What is Technical Debt Ratio

Technical Debt Ratio is a metric that provides insights into the quality of code in a software project by comparing the cost to fix the technical debt against the total cost of developing the code. It helps teams and management to understand the proportion of the development effort that is consumed by technical debt and provides a high-level overview of the codebase's health.

How to measure Technical Debt Ratio

Formula for measuring Technical Debt Ratio:

TDR=(Cost to Fix Technical Debt/Total Development Cost)×100%

Components:

  • Cost to Fix Technical Debt: The estimated effort required to fix all known issues and code smells in the codebase, often measured in person-days or person-hours.
  • Total Development Cost: The total effort spent on developing the code, which can include designing, coding, testing, and deploying the software.

Why to measure Technical Debt Ratio

Legacy modernization challenges - technical debt
Report: State of Software Modernization 2024
  • Quantifying Technical Debt: TDR quantifies technical debt in a way that can be understood by both technical and non-technical stakeholders, facilitating discussions and decision-making related to technical debt management.
  • Prioritization: By understanding the TDR, teams can prioritize refactoring efforts and allocate resources more effectively to manage technical debt.
  • Quality Insight: A higher TDR indicates a higher proportion of development effort is being spent on managing technical debt, which may suggest lower code quality.
  • Risk Management: TDR can be used to assess the risk associated with technical debt and to make informed decisions about when to address technical debt versus when to focus on feature development.

When & How to Use Technical Debt Ratio Metric

  • Continuous Monitoring: TDR should be monitored regularly to track the evolution of technical debt over time and to identify trends or issues that may need to be addressed.
  • Strategic Planning: It can be used in strategic planning and backlog prioritization to ensure that technical debt is addressed in a timely and cost-effective manner.
  • Communication: TDR can be used to communicate the impact and importance of technical debt to stakeholders and to justify investments in code quality and refactoring.

Limitations of Technical Debt Ratio

  • Estimation Accuracy: The accuracy of TDR is dependent on the accuracy of the estimates for the cost to fix technical debt and the total development cost, which can be challenging to determine precisely.
  • Not a Standalone Metric: While TDR provides valuable insights, it should be used alongside other metrics and qualitative assessments to provide a comprehensive view of code quality and technical debt.

Technical Debt Ratio on new code

Technical Debt Ratio (TDR) on new code refers to the proportion of technical debt introduced relative to the new code that has been developed over a specific period or for a particular release.
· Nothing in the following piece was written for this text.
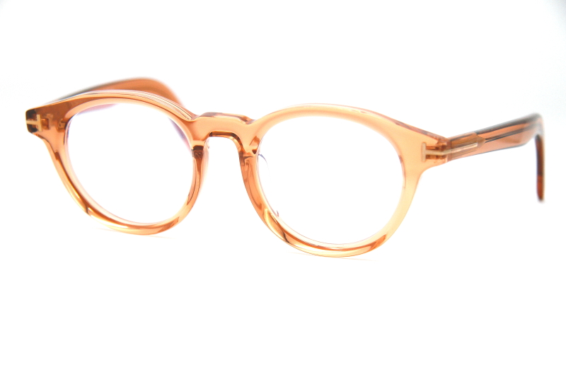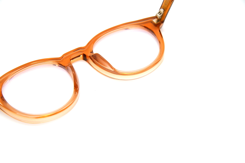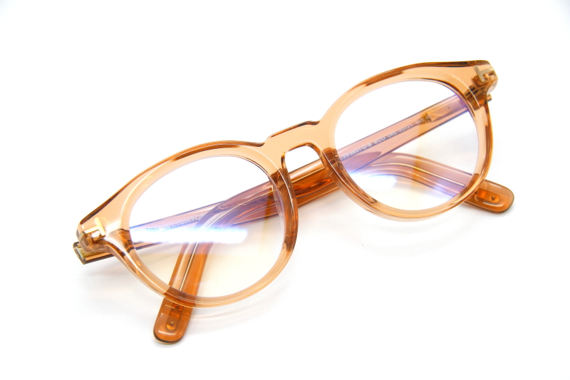 ボストン型のプラスチックフレーム。 ボストンタイプとしては大きめのサイズ感。 レンズに向かって入るカッティングが反射し 目元に美しさとさりげない立体感を演出。 女性がオーバーサイジングで掛けると良い雰囲気。

This metric helps teams to monitor and manage the quality of the code being produced and to ensure that technical debt is kept under control as the codebase evolves.
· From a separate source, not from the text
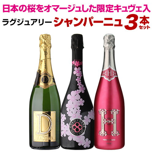 日本へのオマージュを桜に込めたリミテッドシャンパーニュと 一目見たら忘れない、Hのロゴが煌めくシャンパーニュと スワロフスキーのクリスタルを贅沢に45個も埋め込んだ豪華キュヴェ、永遠の女神の名を冠した黄金に輝く神々しい銘品の3本が入った豪華セット!数量限定で大特価!

Why to measure Technical Debt Ratio on new code

  • Quality Control: TDR on new code helps to ensure that the quality of the code being produced meets the team’s standards and that technical debt is not accumulating unchecked.
  • Early Intervention: By monitoring technical debt in new code, teams can identify and address issues early, before they become embedded in the codebase.
  • Continuous Improvement: It allows teams to assess the effectiveness of practices and tools in managing code quality and to identify areas for improvement.
  • Balanced Development: Ensures that the focus is not only on feature development but also on maintaining a healthy codebase.

When it's useful

  • Sprint Retrospectives: TDR on new code can be reviewed during sprint retrospectives to discuss the quality of the code produced and to identify any trends or issues.
  • Release Planning: It can be used in release planning to ensure that technical debt is considered and managed effectively throughout the development process.
  • Quality Assurance: It can be used as a quality assurance metric to ensure that the code being produced adheres to the team’s quality standards.
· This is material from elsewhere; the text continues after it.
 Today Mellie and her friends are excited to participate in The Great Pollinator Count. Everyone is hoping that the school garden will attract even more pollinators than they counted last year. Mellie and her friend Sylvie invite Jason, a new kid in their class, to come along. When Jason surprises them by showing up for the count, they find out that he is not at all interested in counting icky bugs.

Limitations of Technical Debt Ratio on new code

  • Estimation Challenges: Accurately estimating the cost to fix technical debt and the cost to develop new code can be challenging and may impact the accuracy of the TDR.
  • Contextual Understanding: TDR on new code should be understood in the context of the project, as a higher TDR may be acceptable in some cases (e.g., prototyping, proof of concept) but not in others.

Practical Implications:

  • Refactoring: If the TDR on new code is consistently high, it may indicate that refactoring and technical debt management need to be prioritized.
  • Process Improvement: It may highlight areas where the development process can be improved to prevent the introduction of technical debt (e.g., better requirements definition, improved testing practices).
  • Team Discussions: It provides a basis for discussions within the team about code quality, technical debt, and development practices.

Case study - Technical Debt Ratio x Payment processing app

To illustrate the concept of measuring technical debt ratio in a fintech app, let's consider a hypothetical example.

Identifying Technical Debt Components:

  1. Codebase Analysis: The development team reviews the codebase and identifies areas with outdated libraries, redundant code, and inefficient algorithms. For instance, they find that the payment processing module uses an outdated encryption library.
  2. Architecture Review: The team notices that the app's microservices architecture is not optimally designed, leading to frequent downtime during high traffic.
  3. Documentation and Code Comments: The documentation is outdated, and there are very few code comments, making it difficult for new developers to understand the code.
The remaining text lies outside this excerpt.